A HUD reverse mortgage (also known as an FHA reverse mortgage, HECM or Home Equity Conversion Mortgage) carries certain requirements for eligibility. The HUD reverse mortgage guidelines state that borrowers must:
- Be 62 years of age or older (borrower may have a non-borrowing spouse)
- Own the property outright or paid-down a considerable amount
- Occupy the property as your principal residence
- Not be delinquent on any federal debt
- Have financial resources to continue to make timely payment of property taxes, insurance, Homeowner Association fees, etc.

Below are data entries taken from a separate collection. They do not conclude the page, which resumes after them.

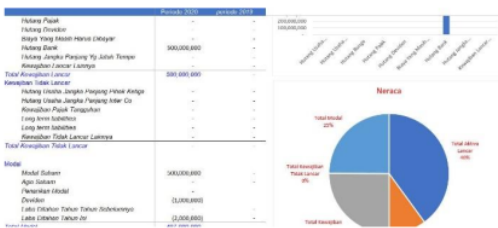
Gambar 4. Tampilan Laba Rugi

Pada gambar 3 dapat dijabarkan neraca aktiva dari mitra yang telah didata sehingga mengetahui status aktiva yang lancer dan tidak lancer. Aktiva yang tidak lancer ini menjadi sebuah peringatan tersendiri sehingga membantu mengurangi piutang usaha dan pengembangan UKM itu sendiri.
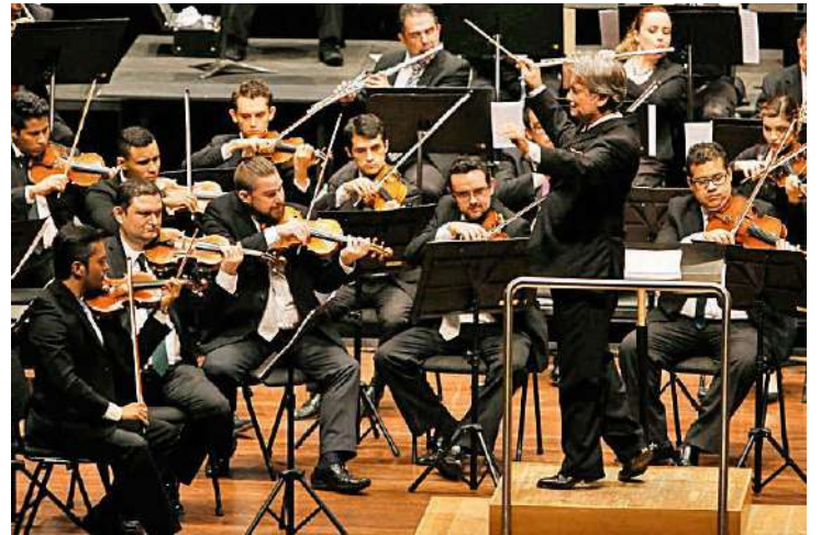
En un hecho inédito se unen Filarmónica y Sinfónica de Antioquia. La primera ya lo hizo con Eafit y la Academia.

Por eso están felices, dicen: la primera vez juntos, tantos en el escenario.
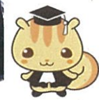
法教育マスコットキャラクター「ホウリス君」
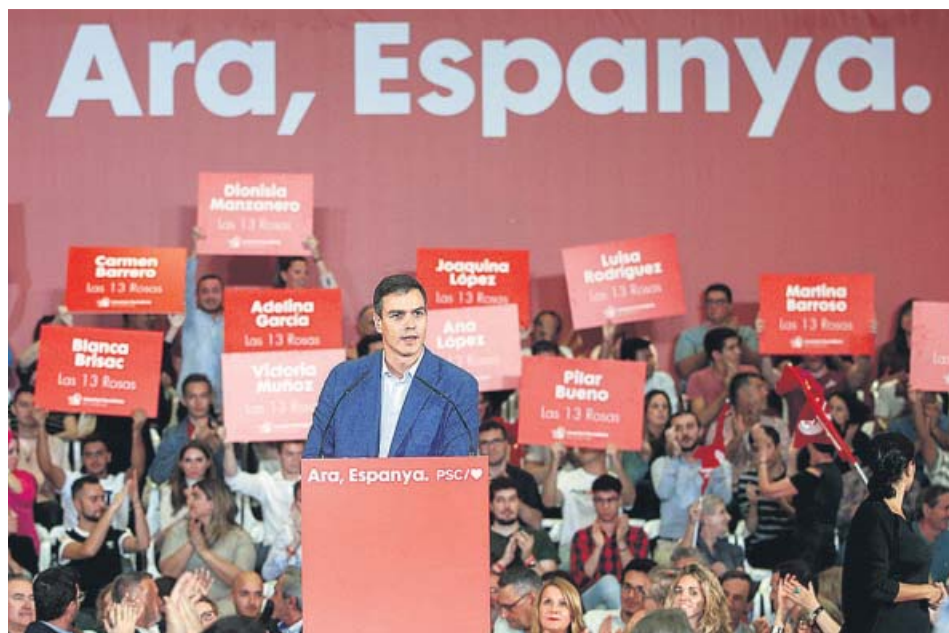
El presidente del Gobierno en funciones, Pedro Sánchez, ayer en Barcelona.

EVITA advertir del 155 o la Ley de Seguridad aunque Torra responderá a la sentencia con «autodeterminación» DESPRECIA PACTOS con el PP, Cs, Podemos o Más País y pide votar al PSOE como única forma de «desbloquear»
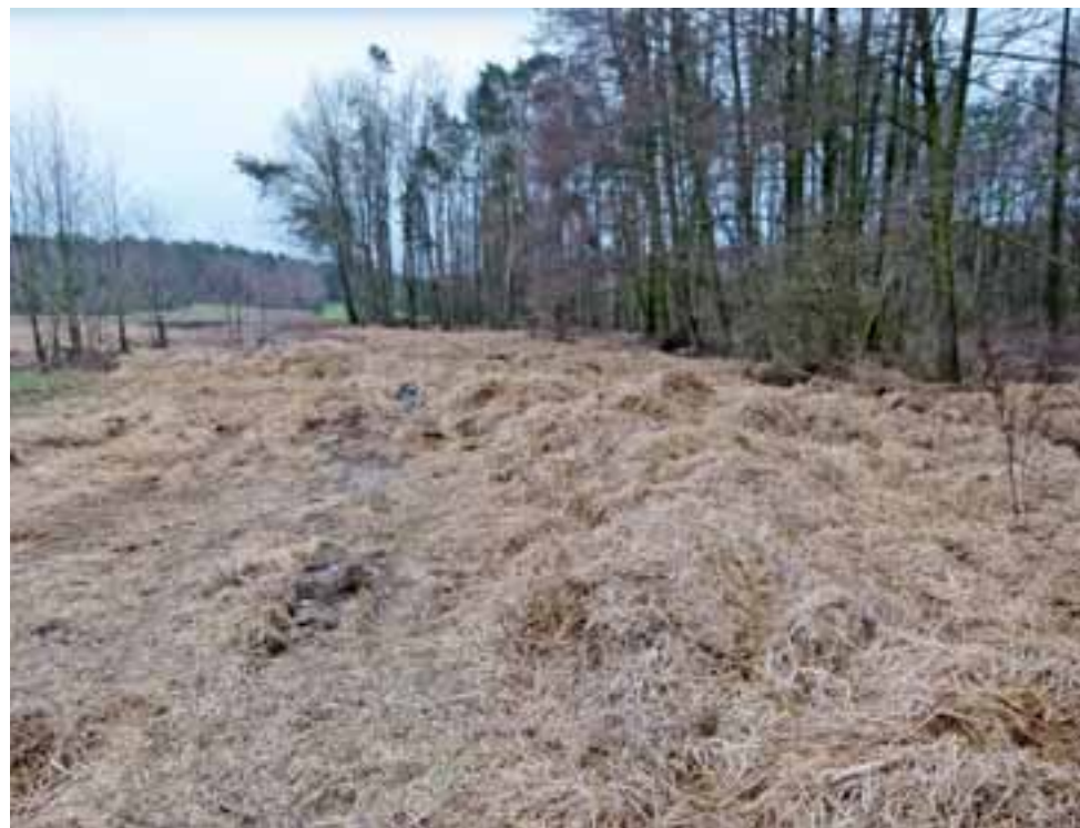
Pole zostało już zabezpieczone, jego powierzchnię m.in. pokryto słomą.

Rolnik, na którego polu składowany był osad mówi, że materiał pochodził ze strykowskiej oczyszczalni ścieków. Otrzymuje
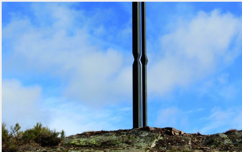
Sculpture d'art contemporain sur le chemin Sculptures en liberté (Association Sculptures en liberté)
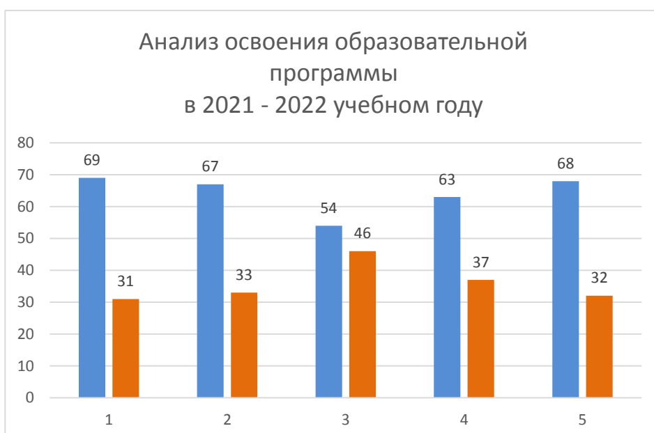
Сводная таблица освоения образовательной программы воспитанниками подготовительной группы МБДОУ № 195 за 2021 - 2022 учебный год.
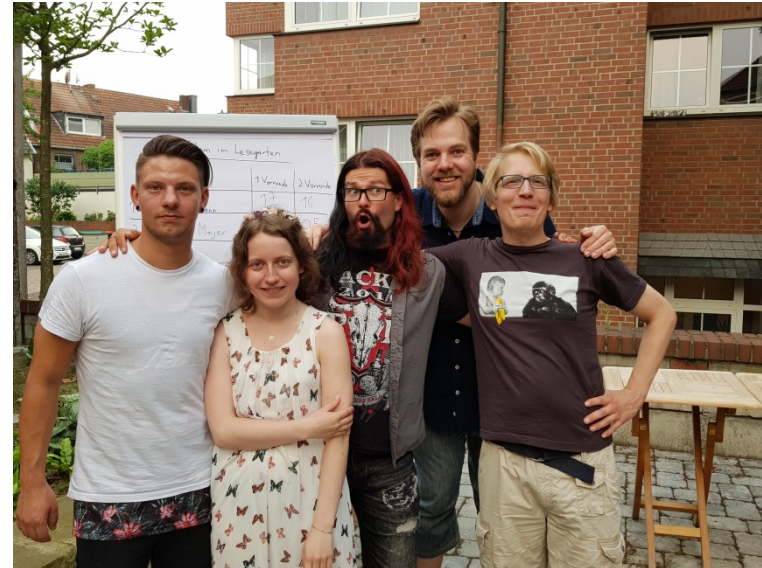
Poetry Slam, 9. Juni
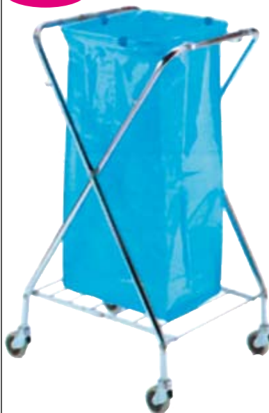
Carrello quadro fisso cromato
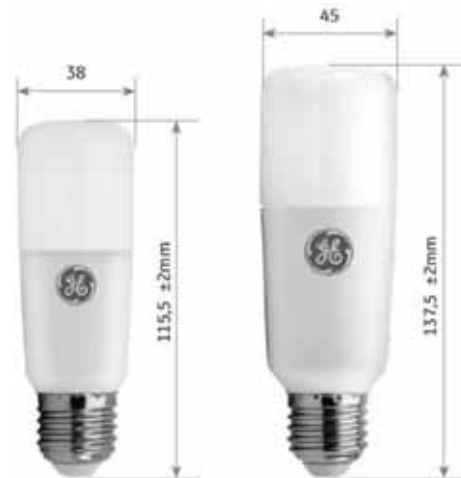
Medidas de las lámparas led

Antes de la desinstalación, la lámpara debe estar fría y se debe desconectar el suministro de energía antes de instalarla o desinstalarla. ■
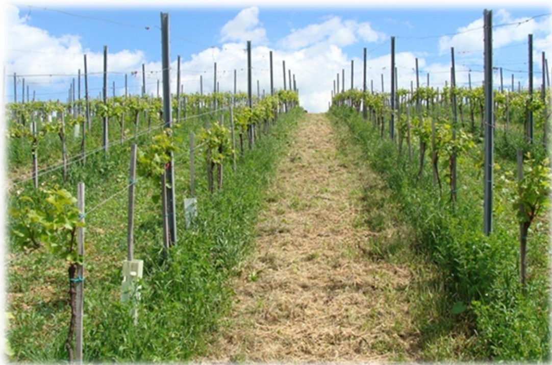
Slika 5. Proljetna obrada tla u vinogradima vinarije Bolfan Vinski Vrh

Agrotehničke mjere koje su se provodile u vinogradu u potpunosti su prilagođene ekološkom uzgoju vinove loze. Nakon berbe, u kasnu jesen provodi se podrivanje zbog poboljšanja vodozračnih odnosa jer se zbog mnoštva prohoda traktora i mehanizacije tlo zbija. To je posebno važno na dijelovima vinograda gdje su teža tla. U proljeće se koristi rotobrana za zatvaranje brazde, koja je važna za ulaganje mineralnog gnojiva u tlo. Ima ulogu smanjiti gubitak vode iz tla jer se prekida kapilarni uspon vode. Podrivanje, malčiranje i valjanje (slika 5) se provodi u svakom drugom redu prvenstveno zbog pravovremene mogućnosti provođenja agrotehničkih mjera i zaštite. U slučaju kiše i nepovoljnih vremenskih uvjeta nije moguće ući u redove u kojima su korišteni podrivači. Zbog toga se obrada uvijek vrši naizmjenično u svaki drugi red kako bi se uvijek moglo ući u vinograd s potrebnom mehanizacijom.
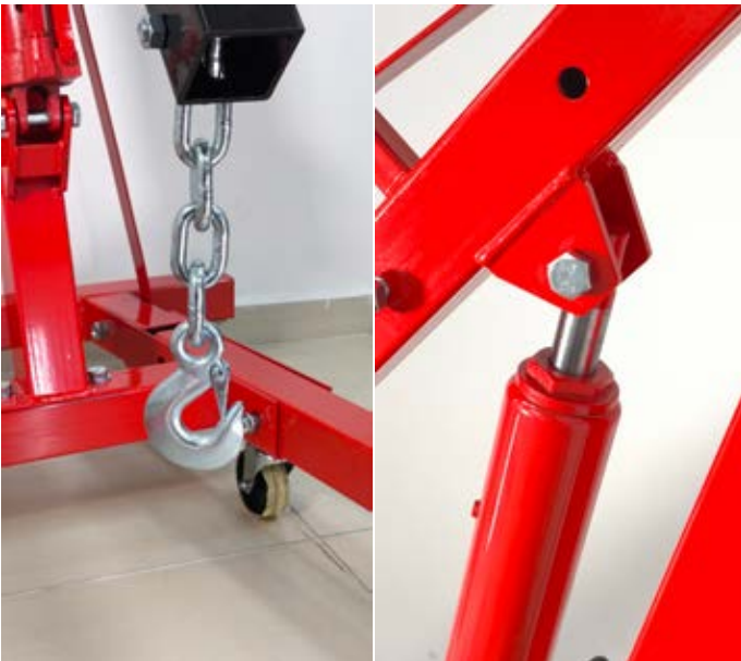
Imagen de referencia sujeta a cambio de diseño

- Participate in a consumer information session given by a HUD-approved HECM counselor
In the HUD reverse mortgage program, the homeowner’s property must meet all FHA property standards and flood requirements. FHA reverse mortgage lenders will consider the following property types for FHA reverse mortgage approval:
- Single family home or 2-4 unit home with one unit occupied by the borrower
- HUD-approved condominium project
- Manufactured home that meets FHA requirements
In addition, FHA reverse mortgage guidelines require that income, assets, monthly living expenses, and credit history be verified, as well as the timely payment of real estate taxes, hazard and flood insurance premiums.
An FHA reverse mortgage calculator or quote from a lender who handles HUD reverse mortgages can help you understand how much you can borrow and how your interest rate will affect the overall cost of the loan.
FHA reverse mortgages are government-insured, non-recourse loans, meaning there is insurance in place in case the total loan amount is greater than the amount for which the property eventually gets sold. An HECM borrower is not responsible for that difference, should it arise.